Next, the scale removal conditions immediately before the start of the finish rolling will be described. The impact force required for scale removal immediately before the start of finish rolling was determined in view of the primary scale removal limit. That is, even if the average thickness of the residual scale after scale removal immediately before rough rolling is around the lower limit of 50 μm, the impact force of the high-pressure water jet required for scale removal immediately before finish rolling comes from the residual primary scale.

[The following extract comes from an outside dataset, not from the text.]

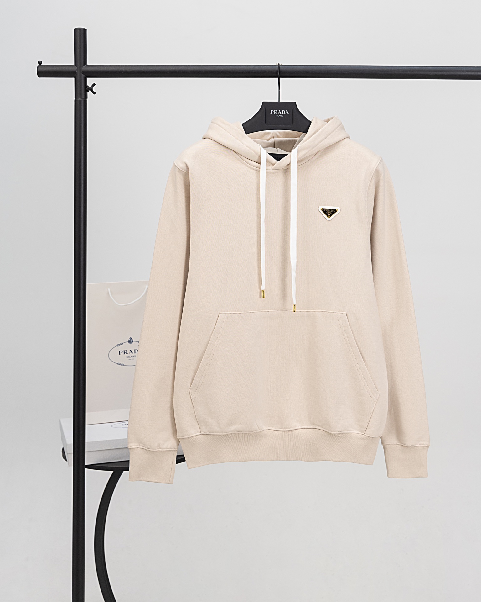 这款衣服是AAAAA 1:1 质量 (非常棒). 使用了和原版一模一样的材料. 商标部分也保持了和普拉达/Prada一样. 图片拍摄是实物衣服拍摄, 您所收到的实物保证和我们图片一模一样.

It is affected by the dispersion of the Si oxide in the secondary scale and the P and S contents in the steel. If the primary scale is completely removed and the dispersion of the Si oxide does not occur in the secondary scale, the scale removability immediately before finish rolling does not depend on the amount of Si in the steel, but rather, P, The removability changes depending on the amount of S. Therefore, when the primary scale remains, it is necessary to consider the amounts of P and S in addition to the influence of Si oxide dispersion. Even when the residual scale thickness distribution is the same, the amount of firelite generated during slag heating is
Because it depends on the amount, it depends on the amount of Si.

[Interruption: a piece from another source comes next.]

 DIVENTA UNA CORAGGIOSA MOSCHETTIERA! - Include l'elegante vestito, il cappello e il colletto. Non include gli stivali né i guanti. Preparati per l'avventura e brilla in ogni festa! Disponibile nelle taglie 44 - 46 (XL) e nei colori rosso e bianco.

Therefore, when the scale removal immediately before the start of rough rolling is performed with a collision force indicated by U1 or more, an investigation was conducted to determine the collision force required for scale removal immediately before the start of finish rolling. This is because, using steels having various components shown in Table 1, the slab moving speed when passing through the HDS is 100 m / min.
After removing the primary scale by setting the impact force of the high-pressure water jet on the HDS to 2 MPa, the impact force of the FSB high-pressure water jet and the [Si]
/ ([P] + [S]). In this study, the moving speed of the rolled material when passing through the FSB was 5
0 to 100 m / min.

FIG. 2 shows the results of the investigation. According to FIG.
It has been found that the generation of red scale can be prevented by setting the collision force U of the high-pressure water jet at or above U2 (MPa) calculated by the following equation (2). U2 = 0.65 + 0.017 × [Si] / ([P] + [S]) Equation 2

[0021]

[Table 1]

Next, the moving (passing) speed at the time of descaling of the slab and the rolled material (both are referred to as steel materials) at the time of scale removal will be described.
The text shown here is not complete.